Exercise instructions
Return the lines of the listing below exactly as they appear, beginning at the one with "MHC 300X300- 4 KG" and stopping after the one with "Garden Bungalows (4 bedrooms, 286sqm)"; do not include pictures.

Input data
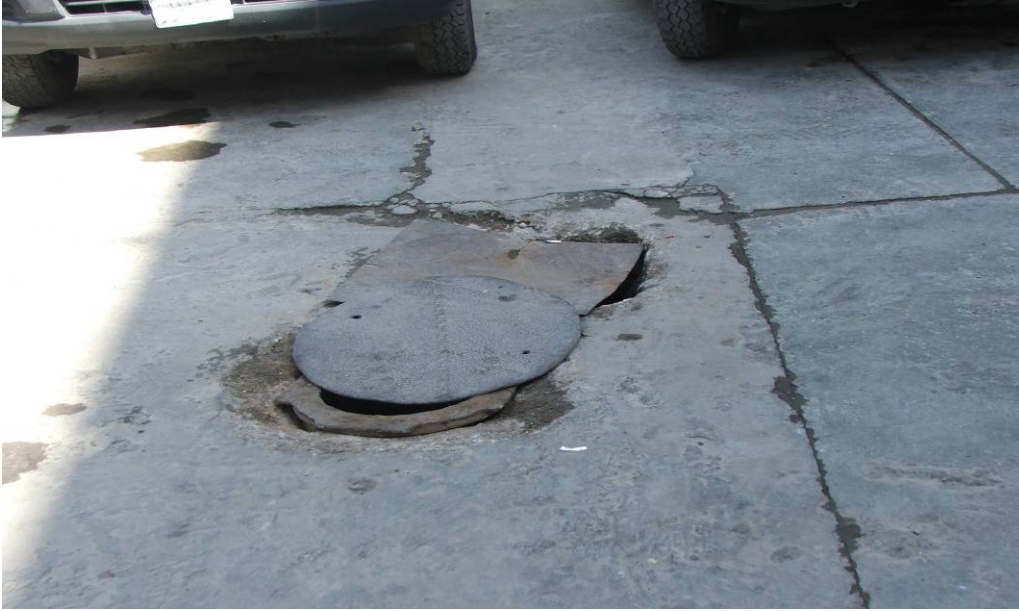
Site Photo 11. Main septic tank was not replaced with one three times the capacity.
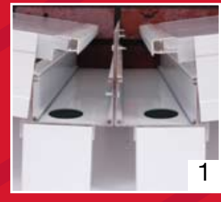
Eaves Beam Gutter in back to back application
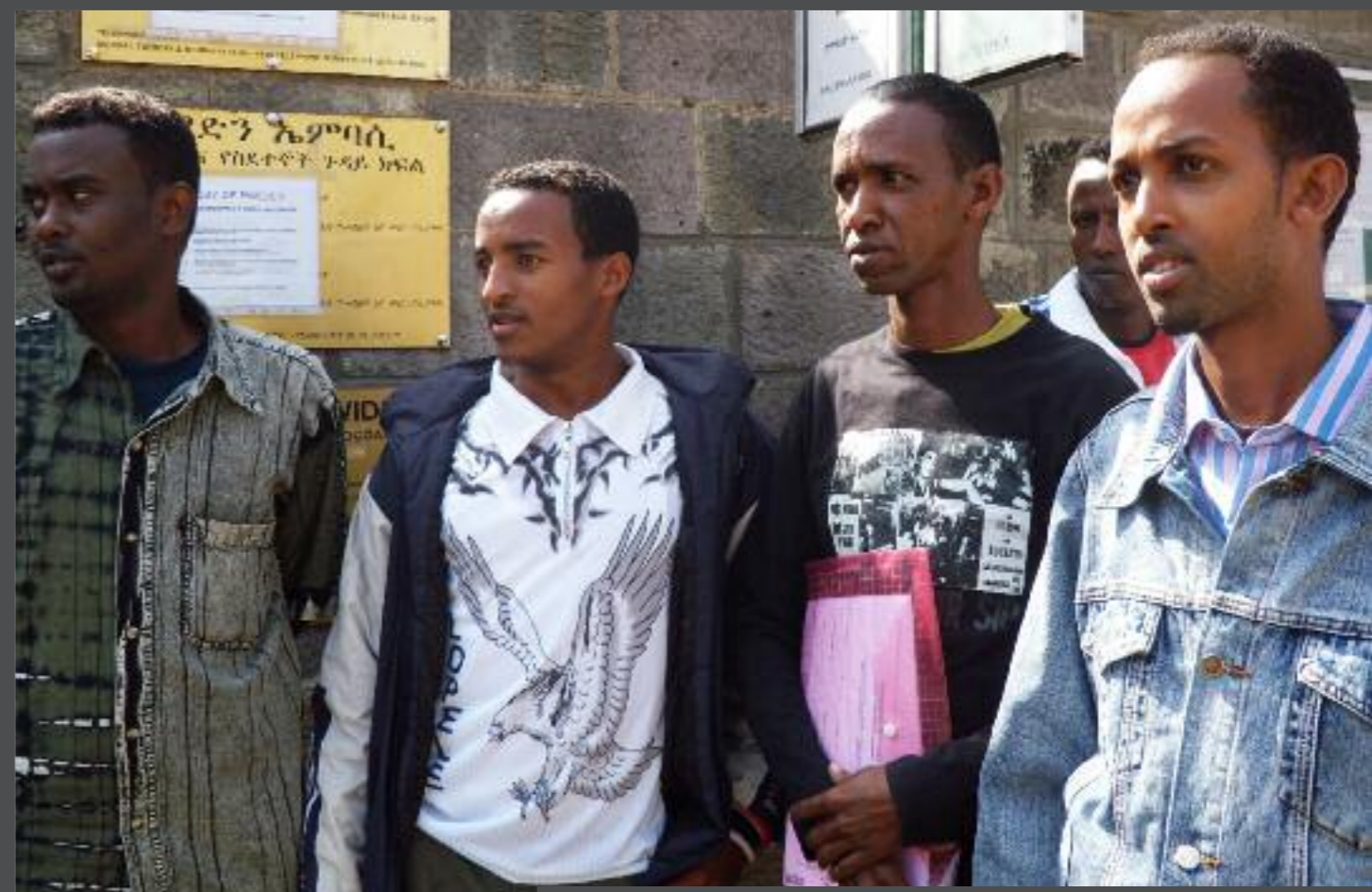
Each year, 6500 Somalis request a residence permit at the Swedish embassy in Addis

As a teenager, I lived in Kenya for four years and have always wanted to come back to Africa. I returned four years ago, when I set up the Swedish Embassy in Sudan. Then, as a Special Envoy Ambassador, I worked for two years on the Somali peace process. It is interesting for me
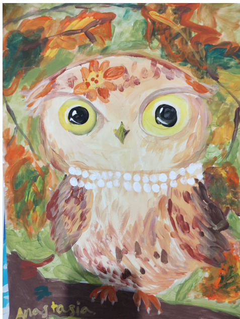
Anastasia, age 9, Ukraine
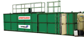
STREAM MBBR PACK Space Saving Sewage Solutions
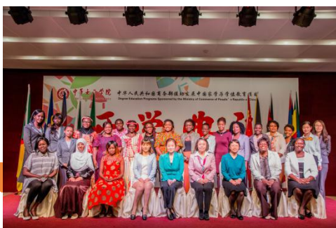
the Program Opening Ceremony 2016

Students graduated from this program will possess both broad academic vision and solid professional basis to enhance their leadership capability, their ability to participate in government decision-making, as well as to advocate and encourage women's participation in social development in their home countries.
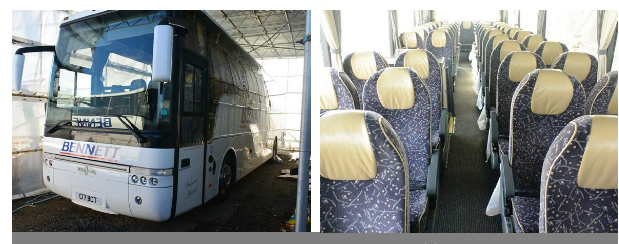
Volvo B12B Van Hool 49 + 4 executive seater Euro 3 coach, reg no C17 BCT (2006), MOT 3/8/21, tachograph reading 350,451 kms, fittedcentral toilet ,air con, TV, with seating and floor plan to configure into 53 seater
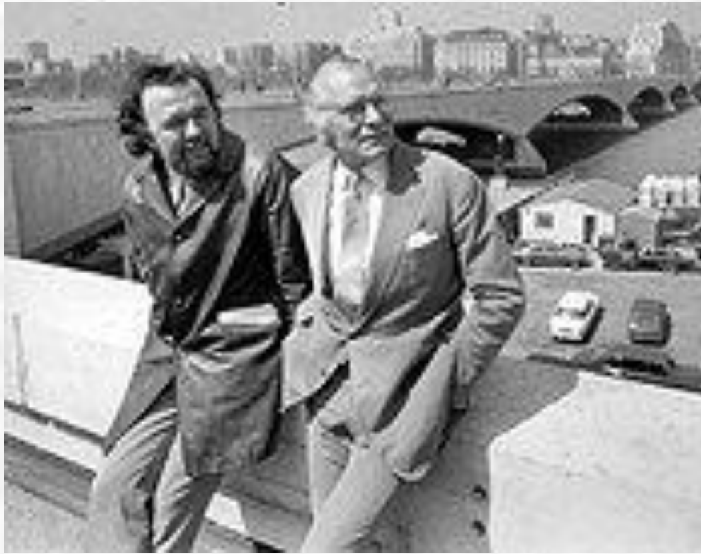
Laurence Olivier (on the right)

---

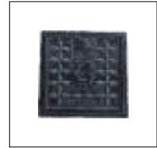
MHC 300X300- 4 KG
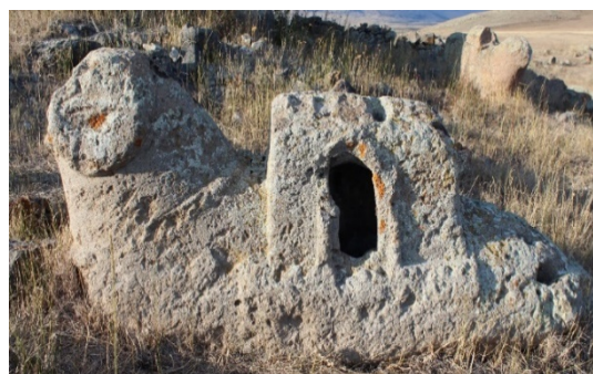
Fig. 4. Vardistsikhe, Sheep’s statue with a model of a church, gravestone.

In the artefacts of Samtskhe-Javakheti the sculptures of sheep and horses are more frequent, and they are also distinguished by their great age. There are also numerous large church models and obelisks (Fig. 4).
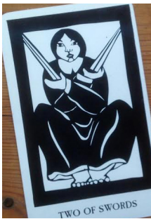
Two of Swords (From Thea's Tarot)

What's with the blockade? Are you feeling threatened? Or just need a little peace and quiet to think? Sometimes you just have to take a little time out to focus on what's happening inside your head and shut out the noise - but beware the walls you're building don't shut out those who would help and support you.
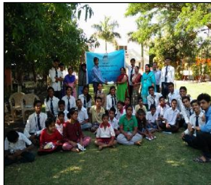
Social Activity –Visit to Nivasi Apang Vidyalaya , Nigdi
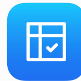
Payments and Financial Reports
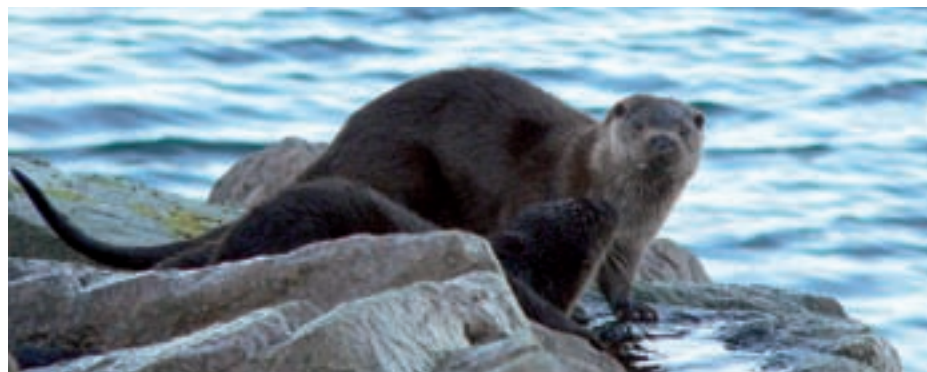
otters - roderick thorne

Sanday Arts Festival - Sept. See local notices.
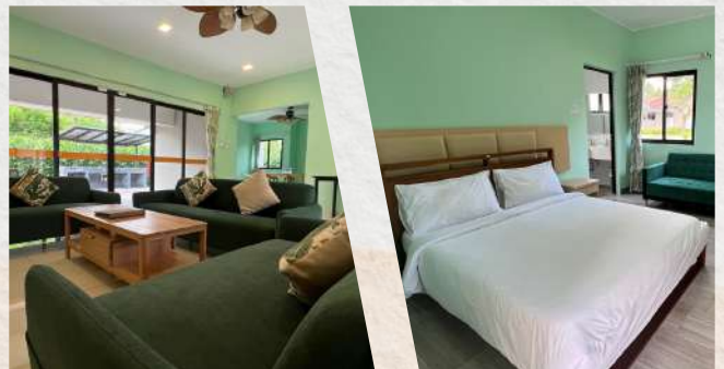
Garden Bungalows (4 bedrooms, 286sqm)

Expected output
MHC 300X300- 4 KG
Fig. 4. Vardistsikhe, Sheep’s statue with a model of a church, gravestone.

In the artefacts of Samtskhe-Javakheti the sculptures of sheep and horses are more frequent, and they are also distinguished by their great age. There are also numerous large church models and obelisks (Fig. 4).
Two of Swords (From Thea's Tarot)

What's with the blockade? Are you feeling threatened? Or just need a little peace and quiet to think? Sometimes you just have to take a little time out to focus on what's happening inside your head and shut out the noise - but beware the walls you're building don't shut out those who would help and support you.
Social Activity –Visit to Nivasi Apang Vidyalaya , Nigdi
Payments and Financial Reports
otters - roderick thorne

Sanday Arts Festival - Sept. See local notices.
Garden Bungalows (4 bedrooms, 286sqm)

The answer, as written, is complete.